+++ Data provided

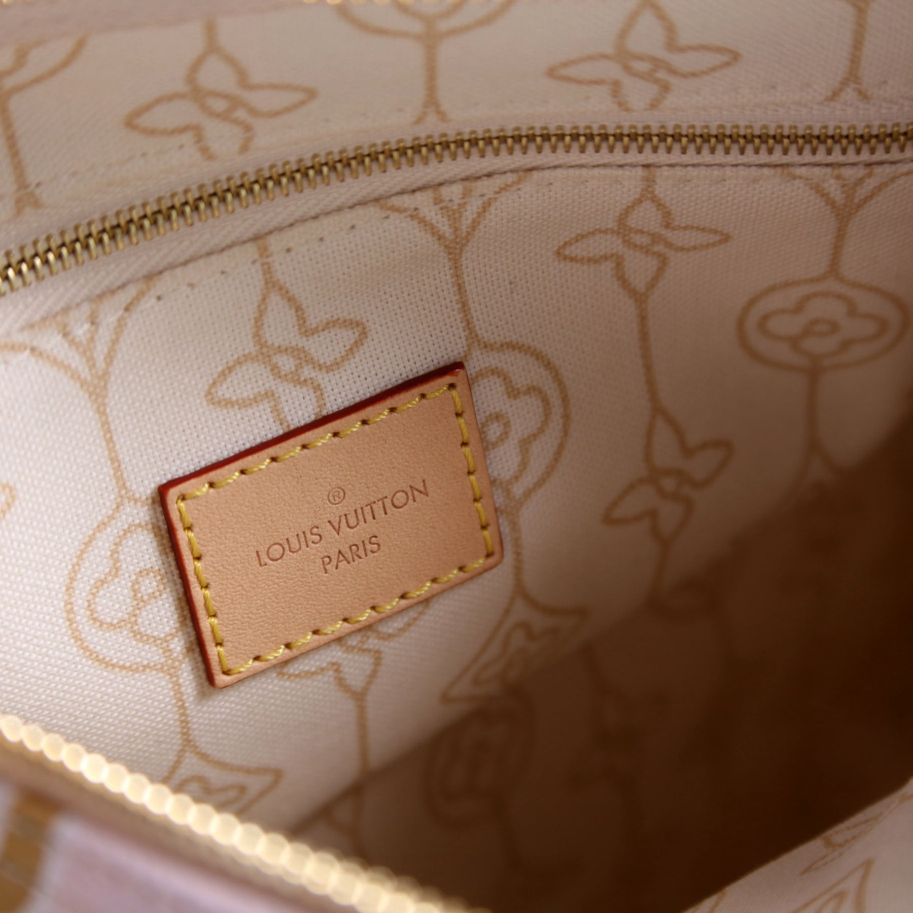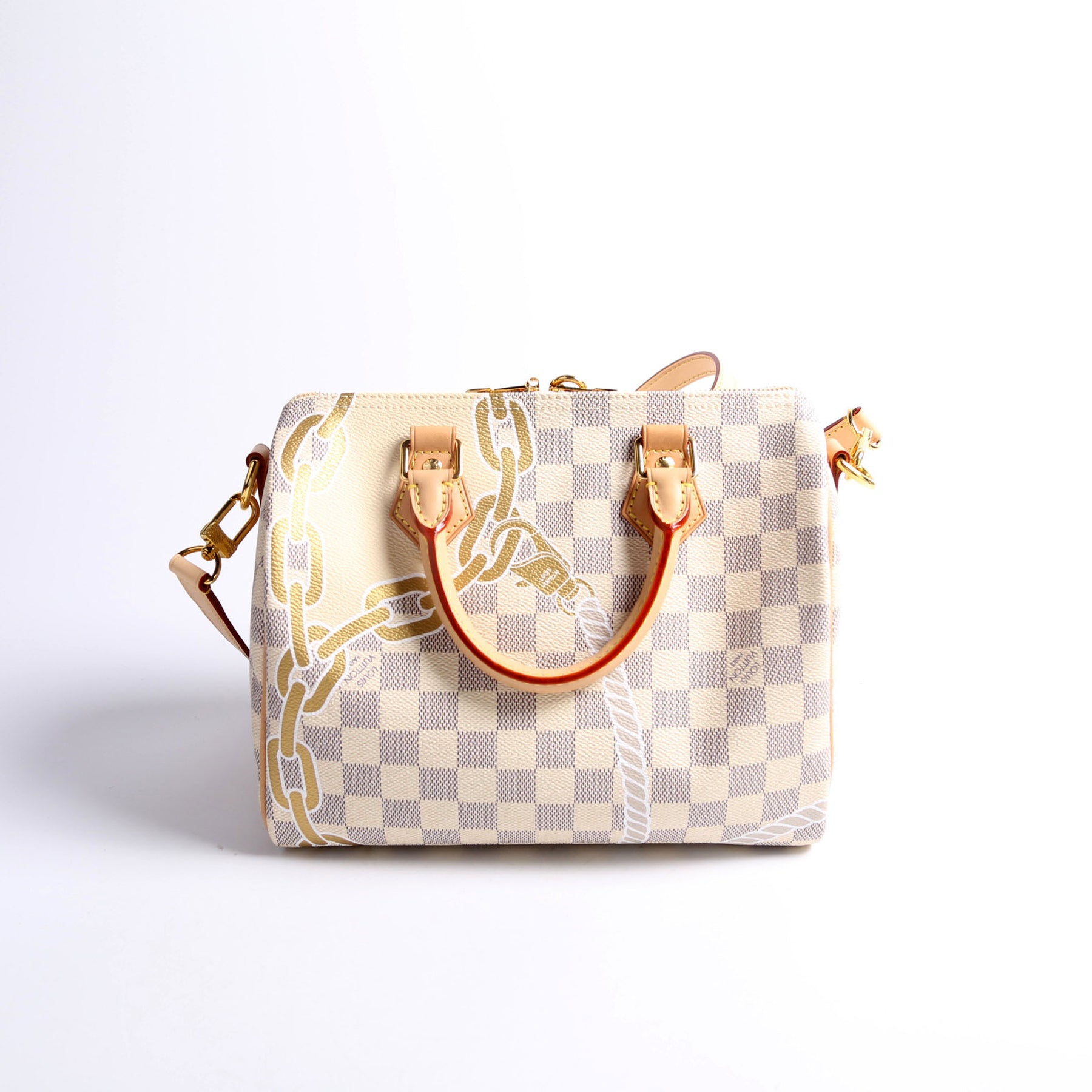 This pre-owned Louis Vuitton Speedy 25 With Strap Nautical Azur is guaranteed 100% authentic. The exterior is in the classic Louis Vuitton Damier Azur coated canvas.
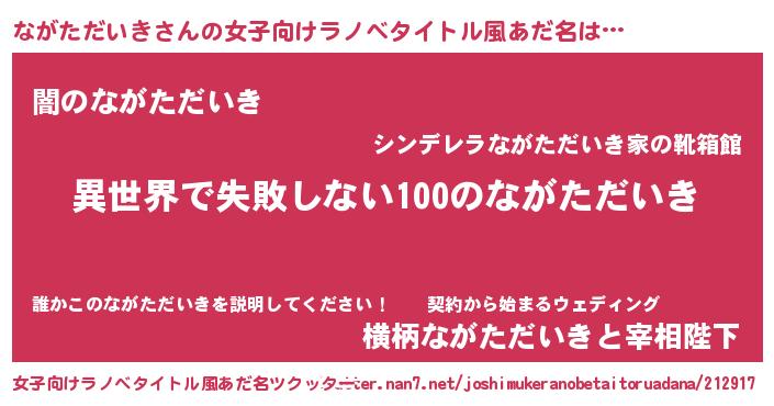 | 男性向けラノベタイトル風あだ名 | 『ながただいきという概念が存在しない退屈な世界 』 |
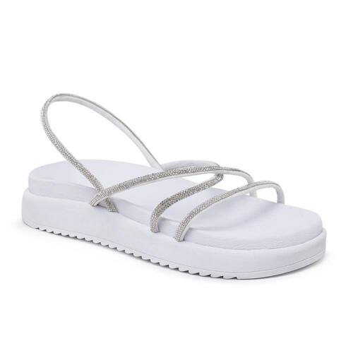 Papete Feminina Strass Brilho Tiras Confortável Moderno - 39 - Branco
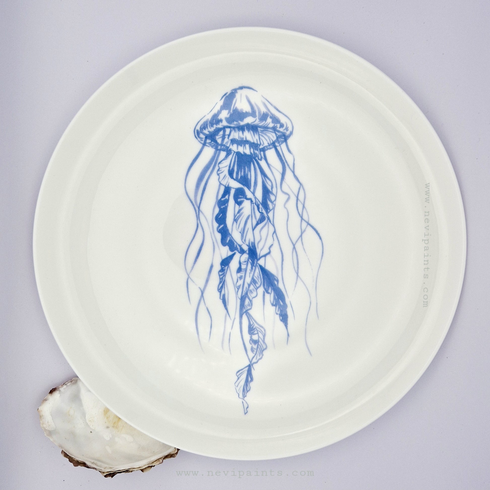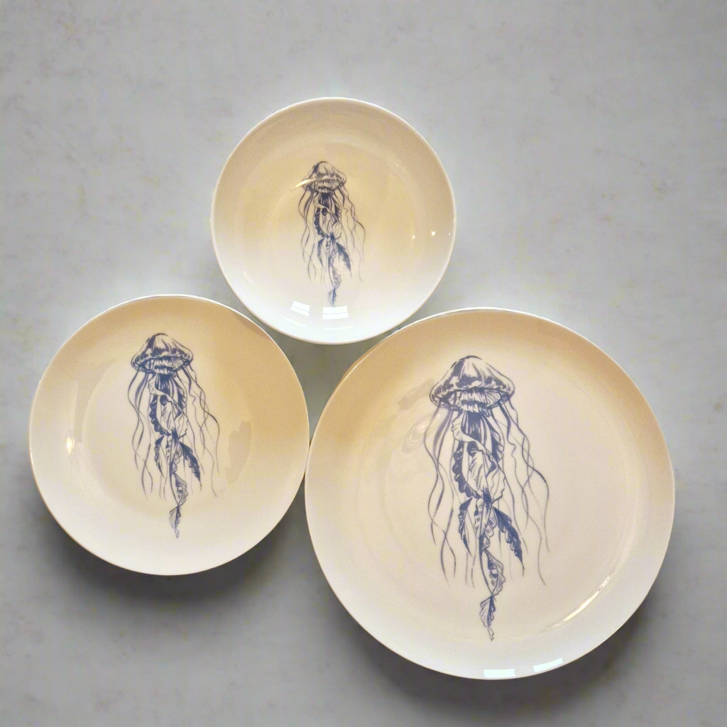 Fashioned out of durable, lightweight bone china and featuring hand-drawn fish, squid and octopus prints by Nevi Paints, these elegant dinnerware pieces will freshen any kitchen or dining space.
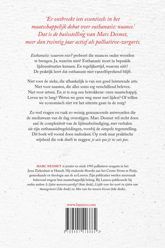 Vanuit zijn twintigjarige praktijk met euthanasiebegeleiding stelt Marc Desmet vast dat euthanasie niet zo evident is als soms in de media wordt voorgesteld.
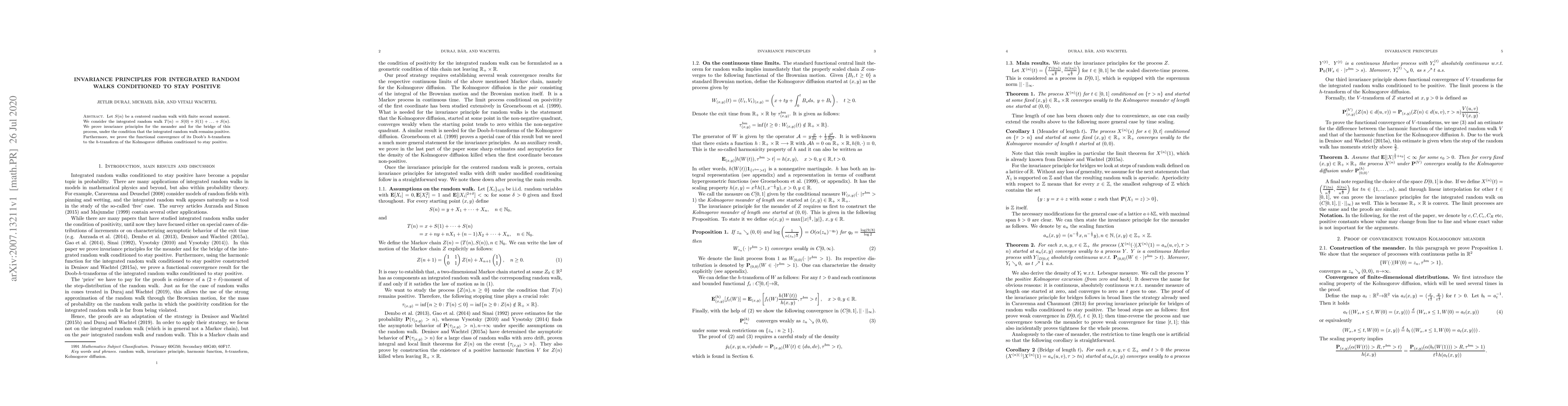 This paper proves invariance principles for the meander and bridge of an integrated random walk conditioned to stay positive, and establishes functional convergence of its Doob's $h$-transform to the $h$-transform of the Kolmogorov diffusion under the same condition.
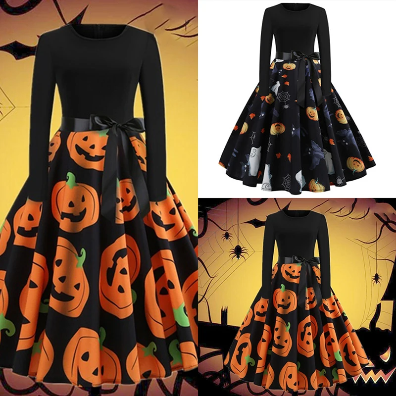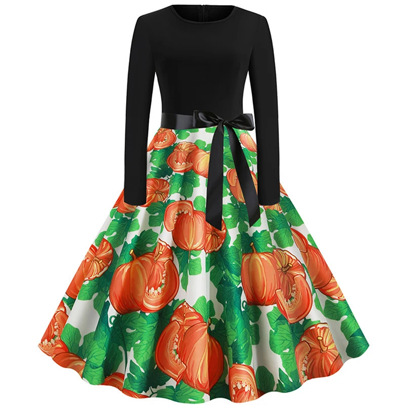 Нарядное рождественское женское платье с тыквой для Хэллоуина, платье принцессы с длинным рукавом, вечерние костюмы, винтажное платье 50s 60s
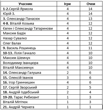 У турнірній таблиці зростає напруга. Бонусний ривок допоміг Юрію З. наздогнати лідера – Сергія Ярмолу – і тепер на вершині запанувало хитке двовладдя. На п’яти лідерам наступає Олександр Панасюк, а також група із шести учасників. Буде цікаво!
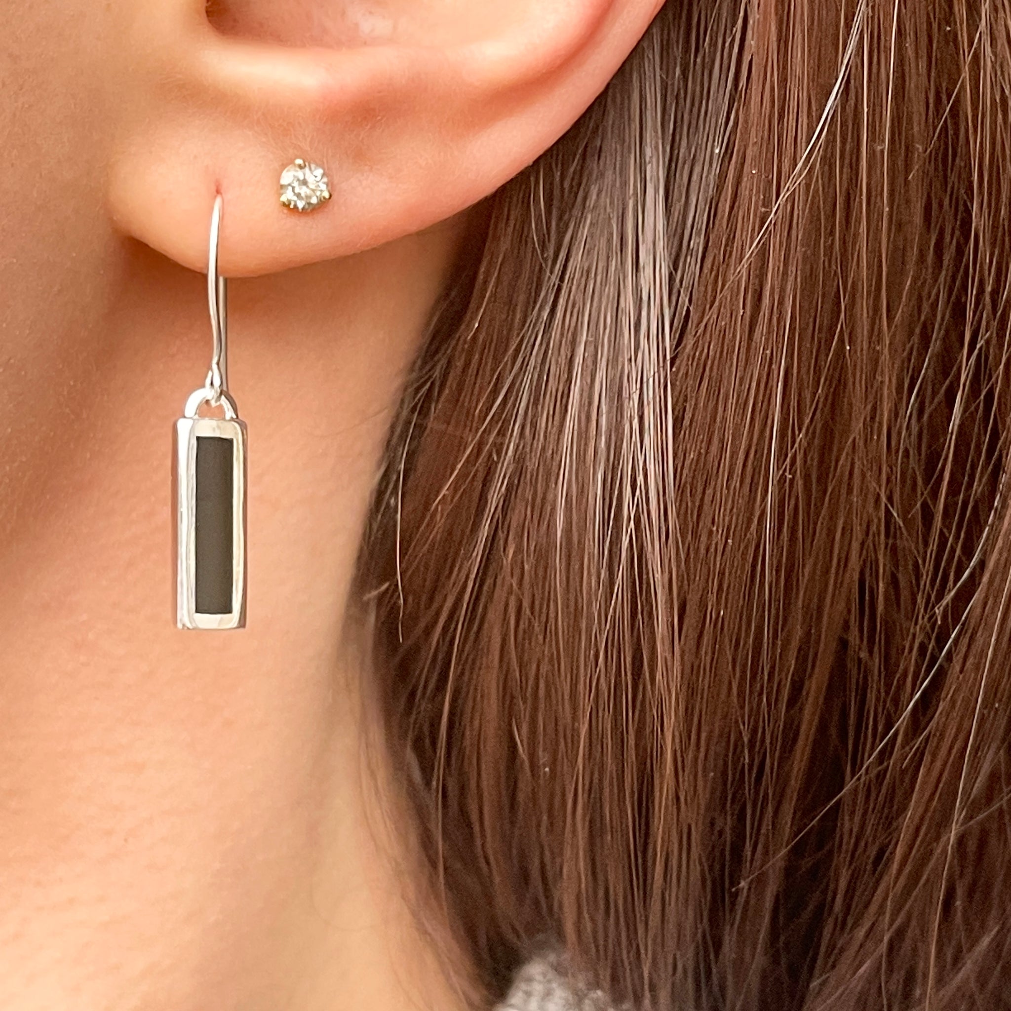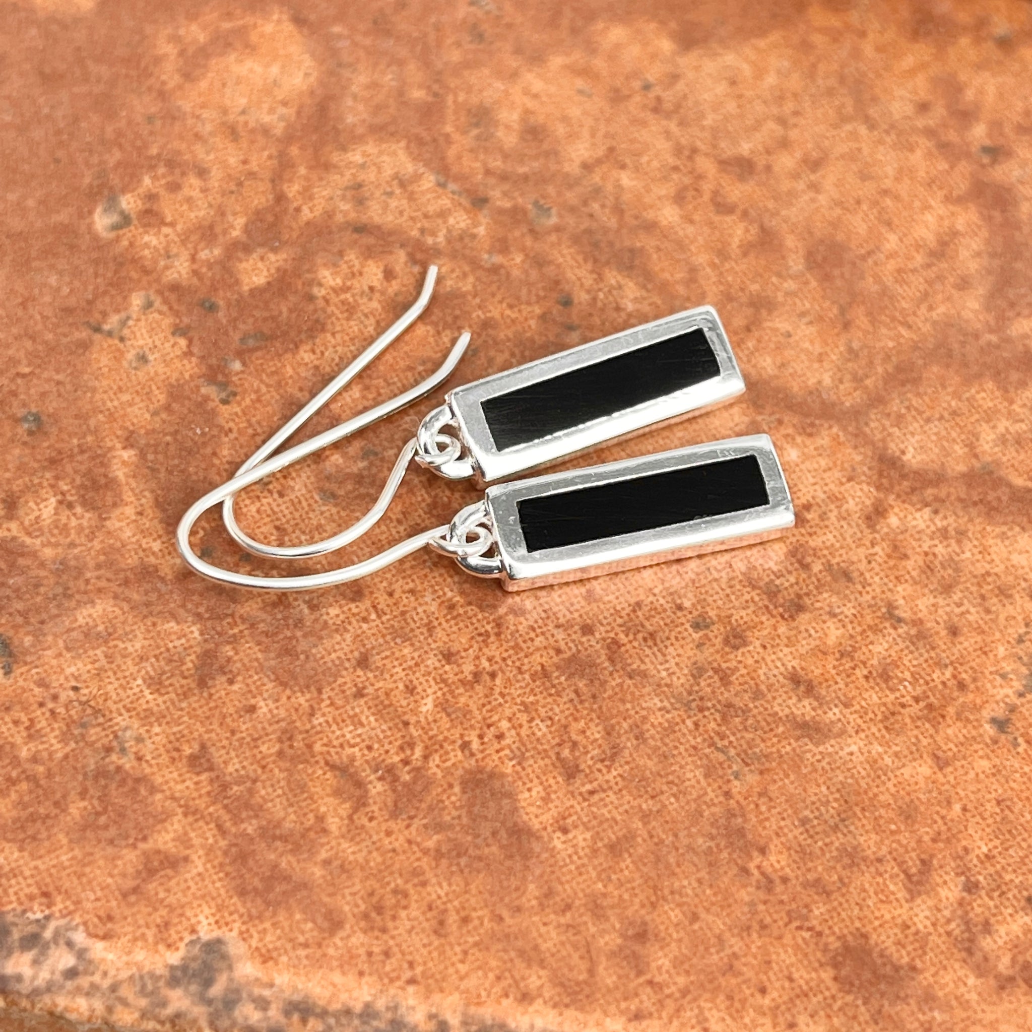 Sterling Silver Black Onyx Bar Dangle Earrings
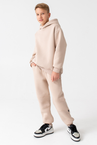 Состоит из укороченного худи на замке и широких брюк с накладным карманом на одной стороне.
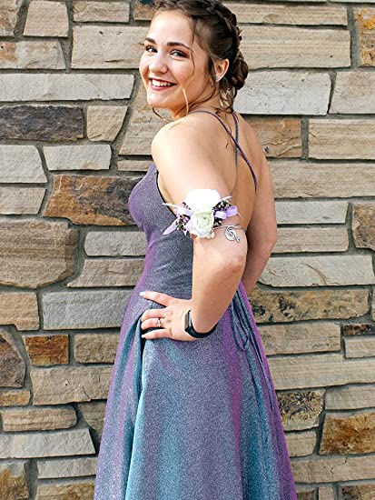 • Long A-line Prom Dress with Pockets Formal Evening Ball Gowns Side Slit Glitter Party Dress OKY42
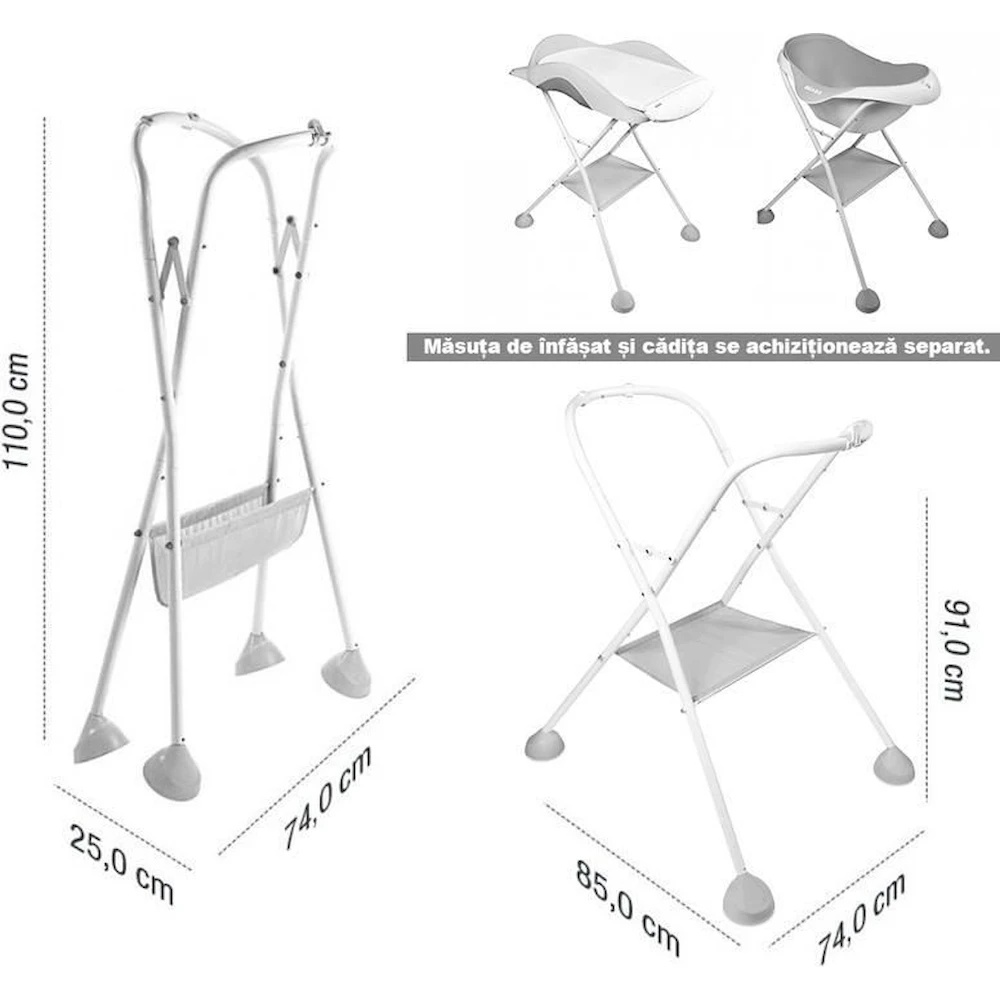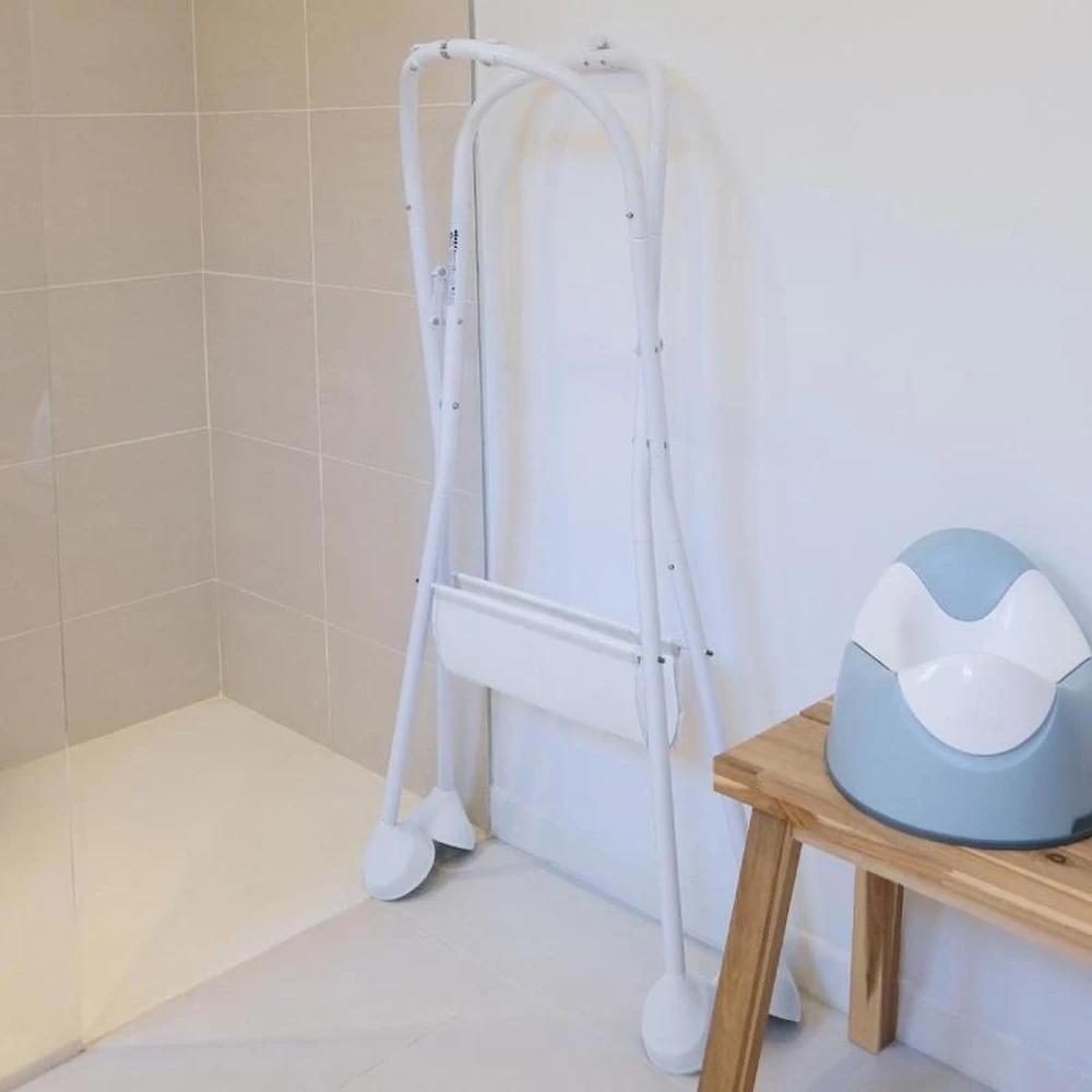 Практичная и удобная, она снижает нагрузку на спину родителей и делает ежедневный уход более комфортным. Благодаря системе фиксации установка и снятие ванночки или пеленального столика выполняются быстро, легко и безопасно. Подставка легко складывается и разбирается, что позволяет экономить место. Также она оснащена тканевым отделением для хранения туалетных принадлежностей или аксессуаров для пеленания.

++++++

_To do_.
The answer should consist only of the lines from the line with "Fashioned out of" through the last line of the data, repeated exactly; pictures stay out.

_Exercise answer_.
 Fashioned out of durable, lightweight bone china and featuring hand-drawn fish, squid and octopus prints by Nevi Paints, these elegant dinnerware pieces will freshen any kitchen or dining space.
 Vanuit zijn twintigjarige praktijk met euthanasiebegeleiding stelt Marc Desmet vast dat euthanasie niet zo evident is als soms in de media wordt voorgesteld.
 This paper proves invariance principles for the meander and bridge of an integrated random walk conditioned to stay positive, and establishes functional convergence of its Doob's $h$-transform to the $h$-transform of the Kolmogorov diffusion under the same condition.
 Нарядное рождественское женское платье с тыквой для Хэллоуина, платье принцессы с длинным рукавом, вечерние костюмы, винтажное платье 50s 60s
 У турнірній таблиці зростає напруга. Бонусний ривок допоміг Юрію З. наздогнати лідера – Сергія Ярмолу – і тепер на вершині запанувало хитке двовладдя. На п’яти лідерам наступає Олександр Панасюк, а також група із шести учасників. Буде цікаво!
 Sterling Silver Black Onyx Bar Dangle Earrings
 Состоит из укороченного худи на замке и широких брюк с накладным карманом на одной стороне.
 • Long A-line Prom Dress with Pockets Formal Evening Ball Gowns Side Slit Glitter Party Dress OKY42
 Практичная и удобная, она снижает нагрузку на спину родителей и делает ежедневный уход более комфортным. Благодаря системе фиксации установка и снятие ванночки или пеленального столика выполняются быстро, легко и безопасно. Подставка легко складывается и разбирается, что позволяет экономить место. Также она оснащена тканевым отделением для хранения туалетных принадлежностей или аксессуаров для пеленания.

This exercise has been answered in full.